TASK DIRECTIONS -> Below are the records; give again exactly the lines from the one containing "I looked up" through the one containing "A1. Time And", leaving out pictures.

TASK MATERIAL ->

# # # # # # #

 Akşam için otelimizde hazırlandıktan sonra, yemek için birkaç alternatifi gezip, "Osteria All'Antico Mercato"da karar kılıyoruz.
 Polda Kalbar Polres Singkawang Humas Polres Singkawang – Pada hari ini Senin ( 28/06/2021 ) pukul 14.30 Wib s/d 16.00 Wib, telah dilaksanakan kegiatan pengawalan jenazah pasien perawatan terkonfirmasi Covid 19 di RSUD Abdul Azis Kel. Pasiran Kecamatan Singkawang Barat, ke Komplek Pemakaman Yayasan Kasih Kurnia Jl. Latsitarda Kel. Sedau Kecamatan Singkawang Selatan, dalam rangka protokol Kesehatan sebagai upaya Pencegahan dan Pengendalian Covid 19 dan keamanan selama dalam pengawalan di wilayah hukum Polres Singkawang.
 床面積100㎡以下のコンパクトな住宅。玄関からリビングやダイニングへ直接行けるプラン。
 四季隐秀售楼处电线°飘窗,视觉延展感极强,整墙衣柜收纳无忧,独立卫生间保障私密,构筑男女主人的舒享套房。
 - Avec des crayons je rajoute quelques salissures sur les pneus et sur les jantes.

# # # # # # #

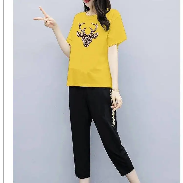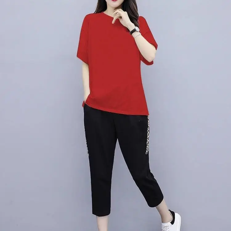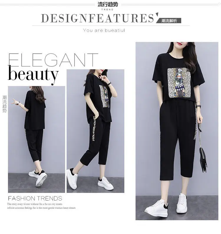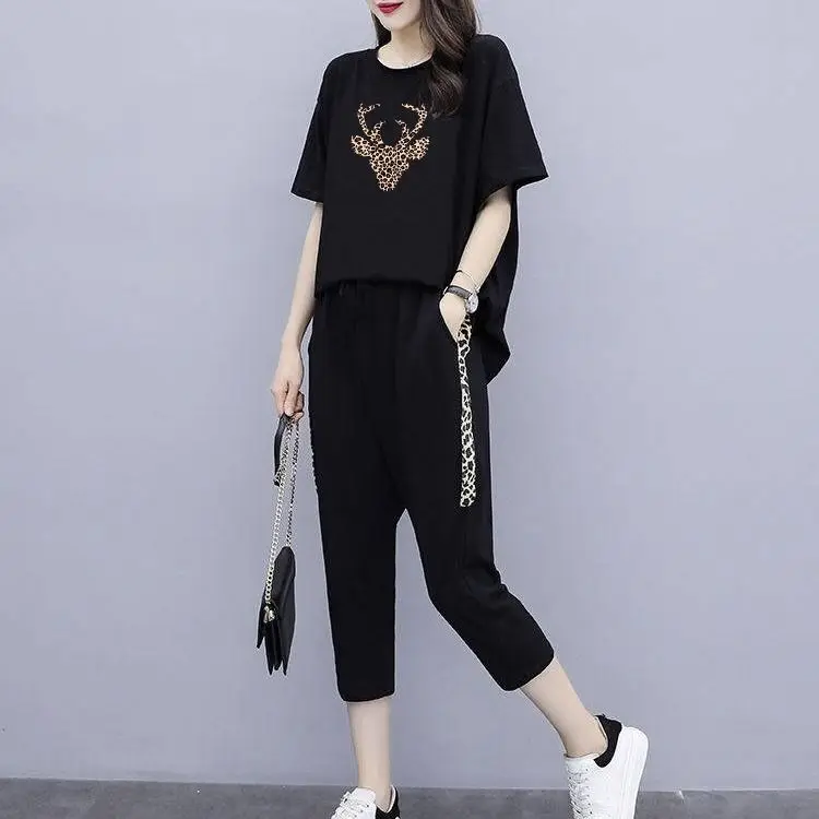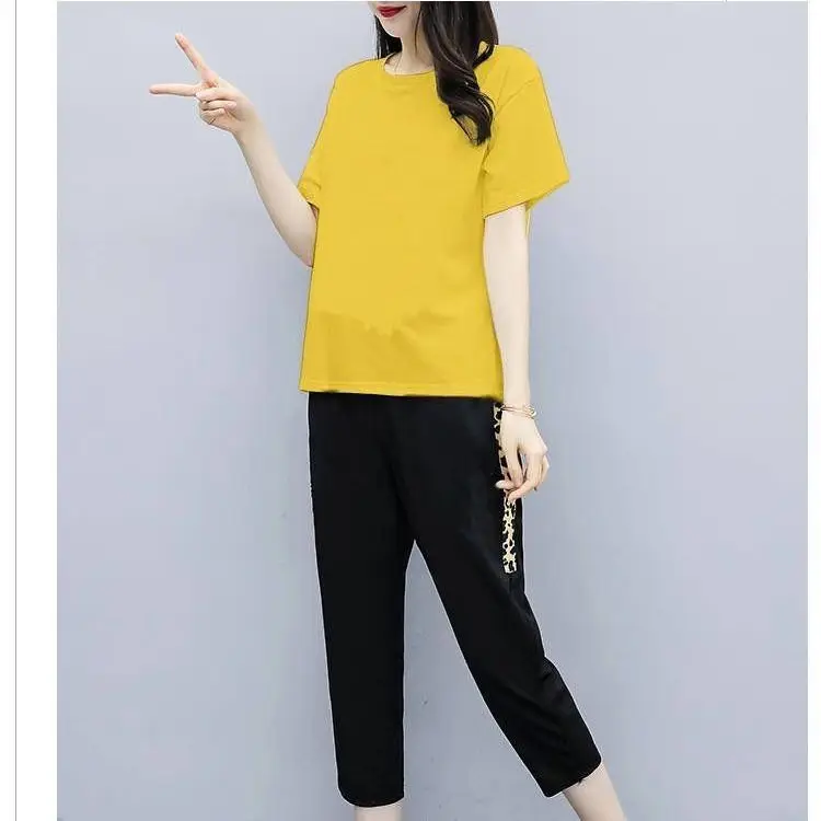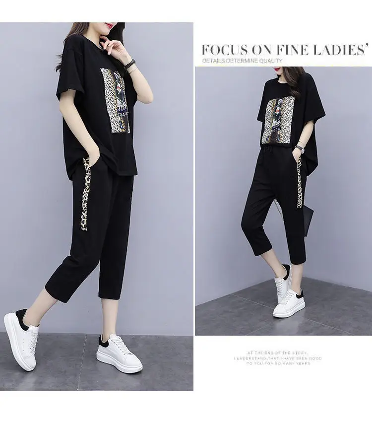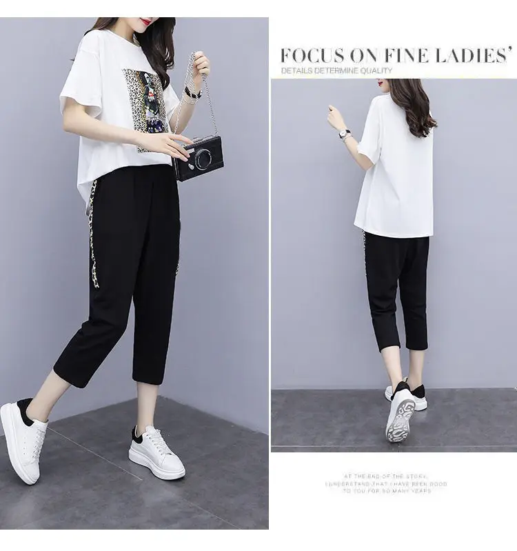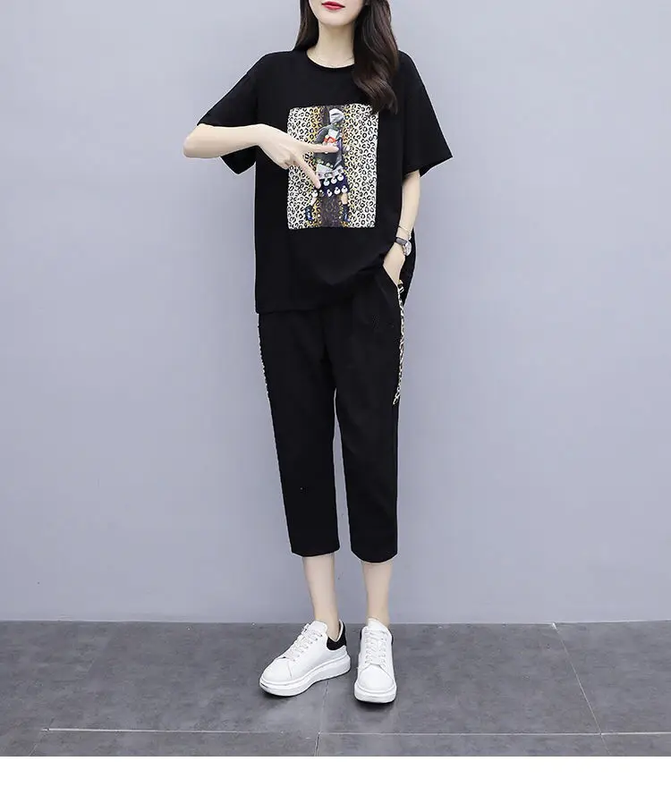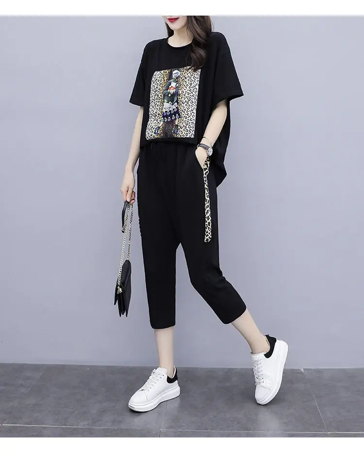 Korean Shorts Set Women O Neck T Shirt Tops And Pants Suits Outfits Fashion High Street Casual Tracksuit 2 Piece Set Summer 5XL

# # # # # # #

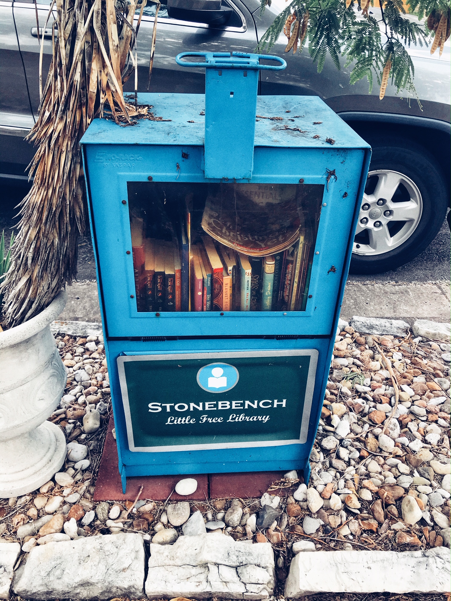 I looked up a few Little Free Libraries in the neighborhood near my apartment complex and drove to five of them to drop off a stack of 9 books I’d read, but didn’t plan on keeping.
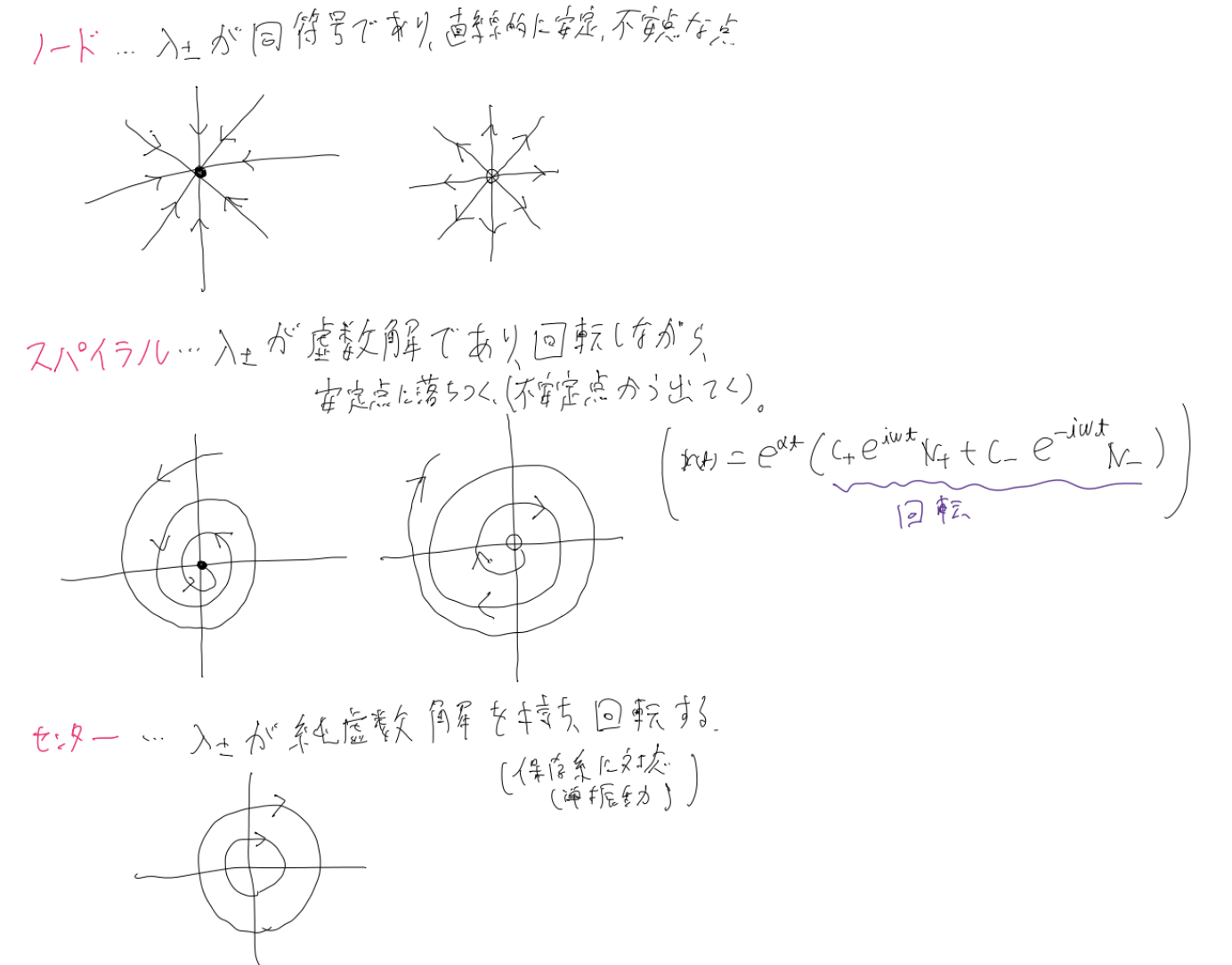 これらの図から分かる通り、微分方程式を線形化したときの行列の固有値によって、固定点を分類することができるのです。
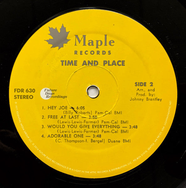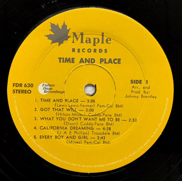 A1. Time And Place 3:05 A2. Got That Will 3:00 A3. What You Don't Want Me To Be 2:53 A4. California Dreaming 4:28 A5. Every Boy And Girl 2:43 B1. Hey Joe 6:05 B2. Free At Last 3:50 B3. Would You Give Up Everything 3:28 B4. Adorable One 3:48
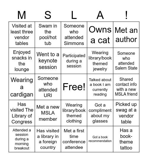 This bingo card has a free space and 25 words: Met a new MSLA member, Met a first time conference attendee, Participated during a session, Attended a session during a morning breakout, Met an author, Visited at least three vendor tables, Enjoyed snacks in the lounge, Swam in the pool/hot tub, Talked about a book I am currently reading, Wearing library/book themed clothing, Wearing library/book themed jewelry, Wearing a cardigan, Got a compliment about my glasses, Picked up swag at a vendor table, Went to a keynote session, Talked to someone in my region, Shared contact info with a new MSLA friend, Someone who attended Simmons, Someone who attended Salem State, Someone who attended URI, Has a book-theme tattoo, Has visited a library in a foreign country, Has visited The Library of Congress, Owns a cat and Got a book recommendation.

# # # # # # #

THE ANSWER ->
 I looked up a few Little Free Libraries in the neighborhood near my apartment complex and drove to five of them to drop off a stack of 9 books I’d read, but didn’t plan on keeping.
 これらの図から分かる通り、微分方程式を線形化したときの行列の固有値によって、固定点を分類することができるのです。
 A1. Time And Place 3:05 A2. Got That Will 3:00 A3. What You Don't Want Me To Be 2:53 A4. California Dreaming 4:28 A5. Every Boy And Girl 2:43 B1. Hey Joe 6:05 B2. Free At Last 3:50 B3. Would You Give Up Everything 3:28 B4. Adorable One 3:48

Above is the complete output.